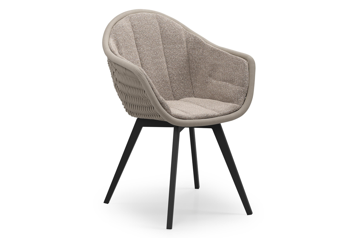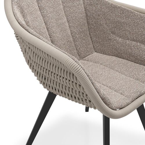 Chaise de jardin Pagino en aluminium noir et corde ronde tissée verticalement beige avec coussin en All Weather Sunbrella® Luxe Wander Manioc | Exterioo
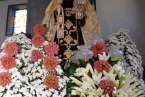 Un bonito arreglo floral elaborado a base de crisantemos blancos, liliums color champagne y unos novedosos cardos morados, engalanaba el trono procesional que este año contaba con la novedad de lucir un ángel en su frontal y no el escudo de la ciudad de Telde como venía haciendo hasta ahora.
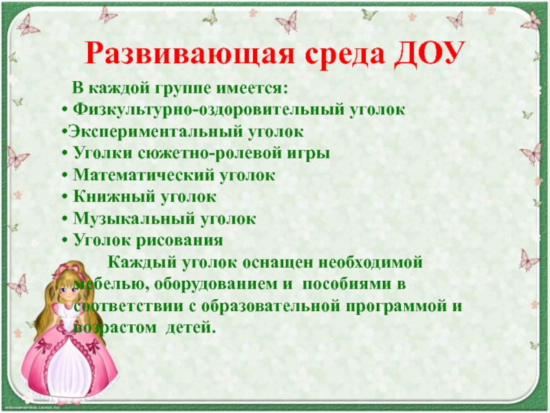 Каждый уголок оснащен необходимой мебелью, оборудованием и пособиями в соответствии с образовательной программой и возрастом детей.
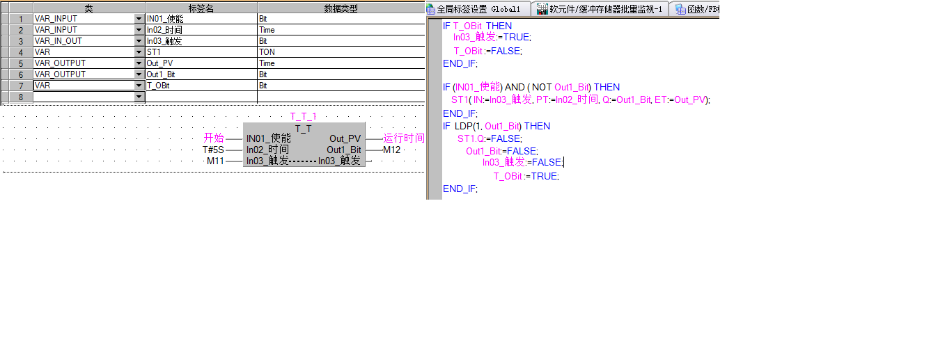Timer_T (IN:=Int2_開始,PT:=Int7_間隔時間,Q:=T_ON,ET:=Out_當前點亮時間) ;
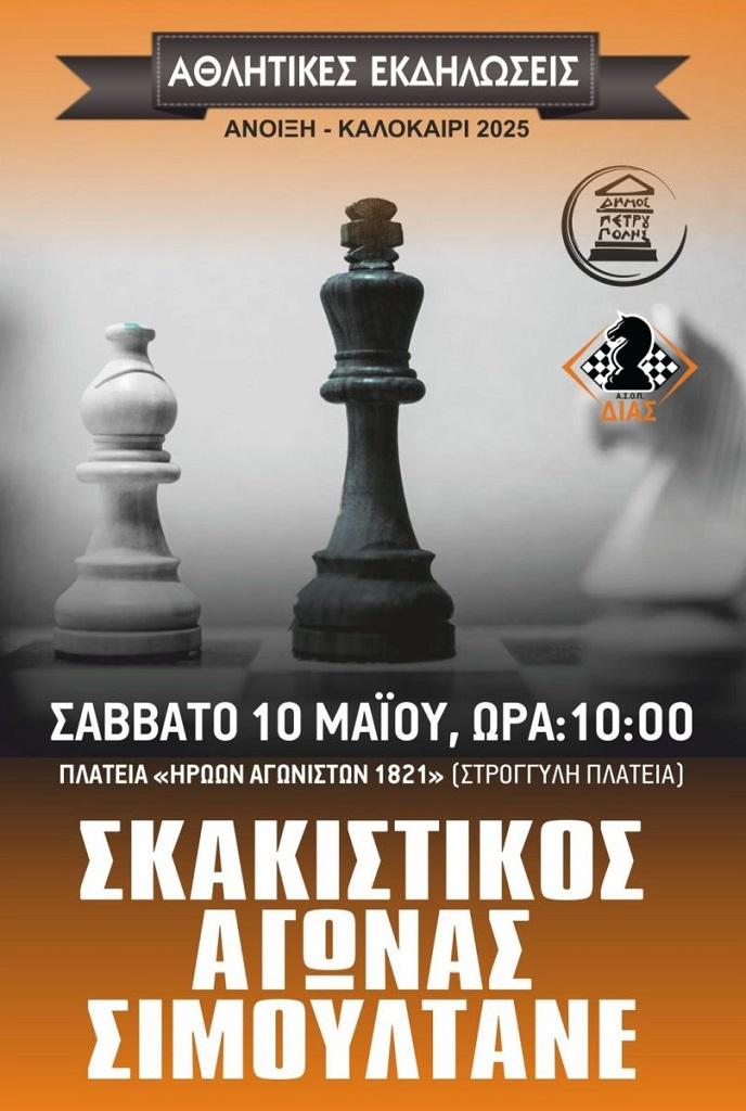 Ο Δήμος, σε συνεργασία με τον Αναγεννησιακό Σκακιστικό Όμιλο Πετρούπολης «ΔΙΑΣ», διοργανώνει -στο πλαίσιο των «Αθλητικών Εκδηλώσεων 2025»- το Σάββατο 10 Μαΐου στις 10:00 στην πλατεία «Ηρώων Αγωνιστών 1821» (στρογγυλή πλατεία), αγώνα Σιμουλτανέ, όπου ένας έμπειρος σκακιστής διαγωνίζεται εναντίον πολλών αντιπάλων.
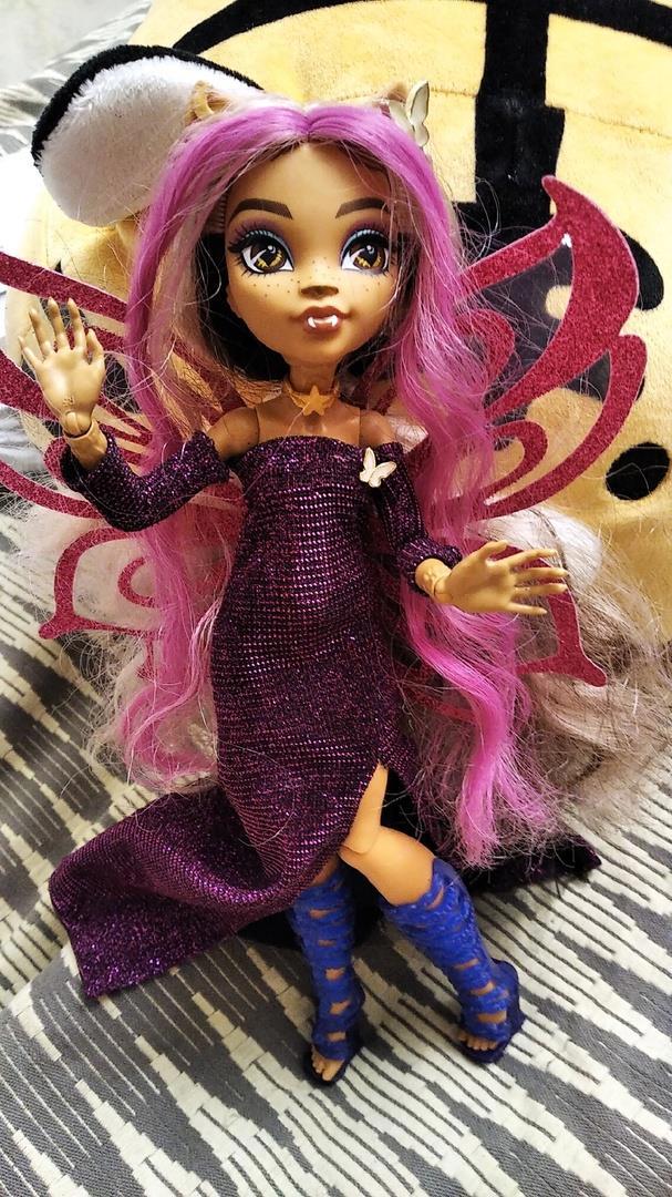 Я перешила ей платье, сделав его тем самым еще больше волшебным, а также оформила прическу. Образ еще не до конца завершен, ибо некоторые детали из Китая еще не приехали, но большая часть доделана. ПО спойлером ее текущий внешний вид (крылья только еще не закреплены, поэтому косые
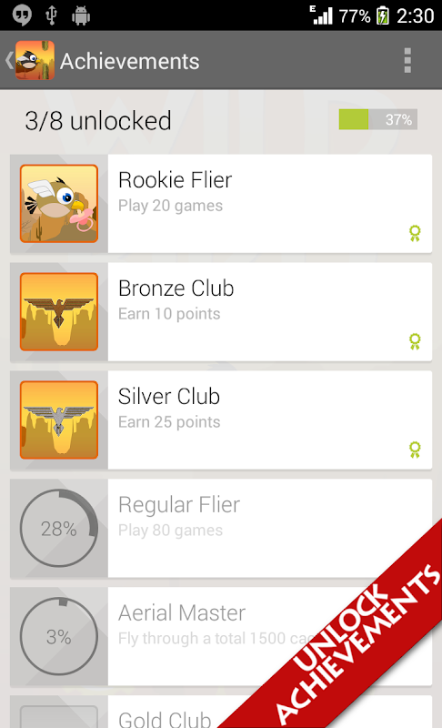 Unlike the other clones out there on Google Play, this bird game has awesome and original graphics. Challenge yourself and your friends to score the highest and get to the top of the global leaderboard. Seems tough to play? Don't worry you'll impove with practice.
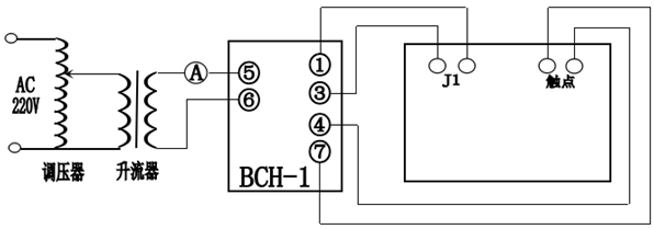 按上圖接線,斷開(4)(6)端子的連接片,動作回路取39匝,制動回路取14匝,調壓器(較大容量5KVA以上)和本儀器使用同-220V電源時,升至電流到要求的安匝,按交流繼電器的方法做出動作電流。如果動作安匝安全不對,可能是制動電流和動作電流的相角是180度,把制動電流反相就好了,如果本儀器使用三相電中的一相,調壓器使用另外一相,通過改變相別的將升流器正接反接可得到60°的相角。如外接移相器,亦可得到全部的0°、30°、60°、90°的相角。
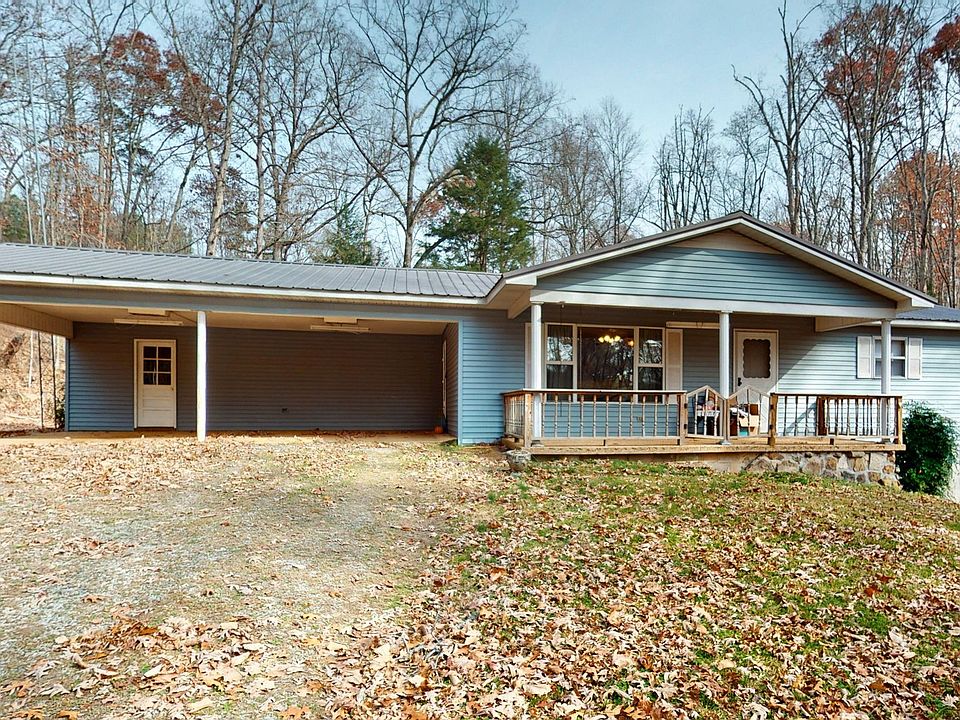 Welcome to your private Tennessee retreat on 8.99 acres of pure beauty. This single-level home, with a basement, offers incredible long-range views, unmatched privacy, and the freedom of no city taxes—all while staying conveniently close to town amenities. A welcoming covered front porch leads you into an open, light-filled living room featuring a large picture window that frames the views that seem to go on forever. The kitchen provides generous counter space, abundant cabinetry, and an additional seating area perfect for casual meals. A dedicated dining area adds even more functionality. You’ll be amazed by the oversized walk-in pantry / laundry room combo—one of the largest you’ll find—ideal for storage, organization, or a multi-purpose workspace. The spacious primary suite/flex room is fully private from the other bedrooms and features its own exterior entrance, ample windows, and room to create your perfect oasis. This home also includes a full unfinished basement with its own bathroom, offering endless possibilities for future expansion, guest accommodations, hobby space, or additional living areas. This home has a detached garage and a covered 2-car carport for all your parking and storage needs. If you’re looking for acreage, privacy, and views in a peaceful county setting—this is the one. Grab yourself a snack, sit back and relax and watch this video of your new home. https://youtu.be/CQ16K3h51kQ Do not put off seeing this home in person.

☆ ☆ ☆ ☆

• Directions: Nothing but the lines from the one containing "Ο Δήμος, σε" through the one containing "Я перешила ей" should appear, copied exactly from the material above and without pictures.

• Answer area:
 Ο Δήμος, σε συνεργασία με τον Αναγεννησιακό Σκακιστικό Όμιλο Πετρούπολης «ΔΙΑΣ», διοργανώνει -στο πλαίσιο των «Αθλητικών Εκδηλώσεων 2025»- το Σάββατο 10 Μαΐου στις 10:00 στην πλατεία «Ηρώων Αγωνιστών 1821» (στρογγυλή πλατεία), αγώνα Σιμουλτανέ, όπου ένας έμπειρος σκακιστής διαγωνίζεται εναντίον πολλών αντιπάλων.
 Я перешила ей платье, сделав его тем самым еще больше волшебным, а также оформила прическу. Образ еще не до конца завершен, ибо некоторые детали из Китая еще не приехали, но большая часть доделана. ПО спойлером ее текущий внешний вид (крылья только еще не закреплены, поэтому косые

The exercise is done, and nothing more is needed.